Makalemde öğrenci eğitiminden seçilen velilerin yapılması gereken bazı biçimlere ve genel ilkeler üzerine vurgulamak istiyorum. Bu makaleyi velilerimizin hem paylaşarak hem de zaman okuyarak empati yapmalarını tavsiye ediyorum.

Okullarda sadece zihnen ve bedenen eğitim verilmiyor ancak duygusal ve ruhsal eğitim verilmiyor. Gençler, ruhsal ve duygusal eğitimden uzak yetiştiği için iradelerini kontrol edememektedirler. Çocuk eğitimi üzerine uzun yazılar yazılıyor, güzel kitaplar çıkarılıyor. Bütün yazılanlara eğitim sistemimizde ruhlara değinilmemesine ve kendi kavramlarımızla iletişim kuramadığımız için eğitimde çıktılar, yani günlük yaşamlar gibi yetişmiyor.

Maalesef kötü durumda olan ana babasına hizmetçilerim gözüyle bakıyor, onları para kaynağı olarak görüyor.
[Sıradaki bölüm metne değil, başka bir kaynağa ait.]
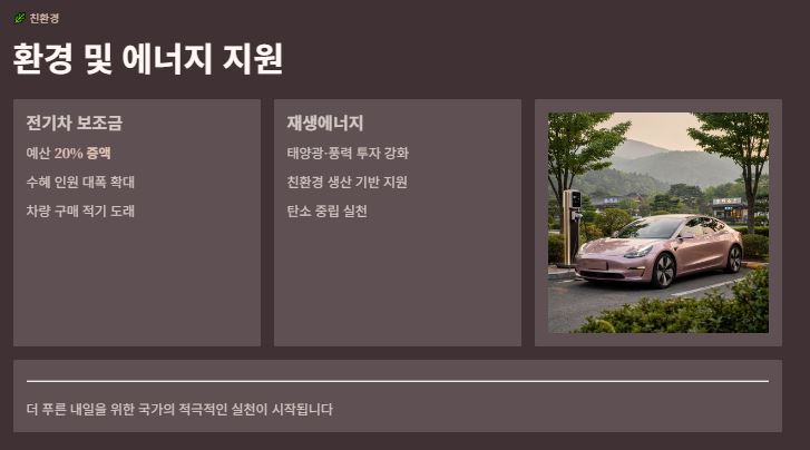 - 환경 친화: 전기차 보조금 예산 20% 증액으로 보급 속도 가속화.

Liseden sonra onlara karşı gelip “Siz bir şey bilmez köylülersiniz.” diyor. Üniversite sınavlarında derece derecesi yapıyor, en iyi üniversitenin en iyi bölümünde okuyor, irade terbiyesi aldığı için kendine hâkim olamıyor. Uyuşturucu alışkanlığına veya diğer kötü huylara yakalanıyor ya da devlete düşman oluyor. İlkokul, zarif, geleneksel üniversiteden kirlenmiş olarak ortaya çıkıyor.
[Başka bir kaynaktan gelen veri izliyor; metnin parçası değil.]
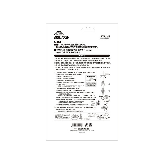 원본상품명: セフティ3 園芸給水 点滴ノズル 10か所同時水やり 鉢プランタ用 STN-1015
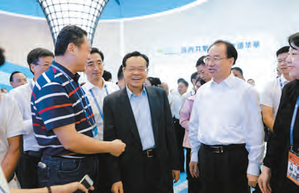 廣西壯族自治區主席陳武與第14屆中國—東盟博覽會粵桂合作特別試驗區參展企業交流。
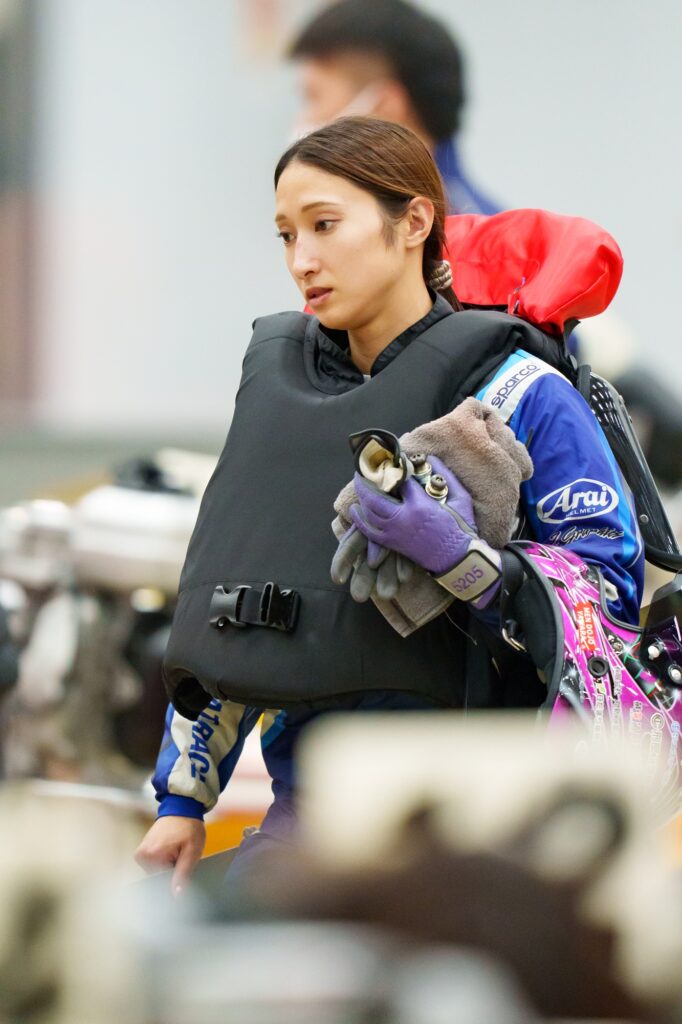 水面は大荒れで、これはこれでまた大変。航走検査からあがってきた選手たちは、思わず苦笑いしてしまうか、荒れ水面に顔をしかめるかの2パターン。寺田千恵は後者で、またこの大ベテランにしても航走検査のみというのは珍しいケースなだけに「もうヘトヘトよ……」と思わず愚痴をこぼすのだった。
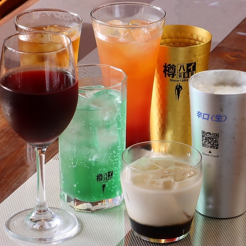 お集まりの場にぴったりの飲み放題。単品ではもちろんコースのご注文でお得にお愉しみいただけます◎

Eğitim, ilk önce ailede başlar. Bir insanın işi, makamı, maddi imkânları, yollar ne olursa olsun öğrenmenin ilk ve en önemli öğretmeni odur. Çocuklar anne ve babalarını taklit ederek öğrenirler. Yedi yaşına gelene kadar anne ve babasının geçen gün iyi olduğunu söylüyorlar, doğru olarak kabul ediyorlar. Bu yetenek aile, çocuğun ilk okuludur. Kabullenmeyi, beceriyi kazanmayı, gelişmeyi geliştirmeyi, sınırları, kendine güvenmeyi, sosyal olmayı, genel kurallara uymayı, çözebilmeyi, saygıyı, empati yapmayı; genel bir ifadeyle olumlu veya olumsuz pek çok kişilik özellikleri ilk öğretmenleri anne ve babadan öğrenirler.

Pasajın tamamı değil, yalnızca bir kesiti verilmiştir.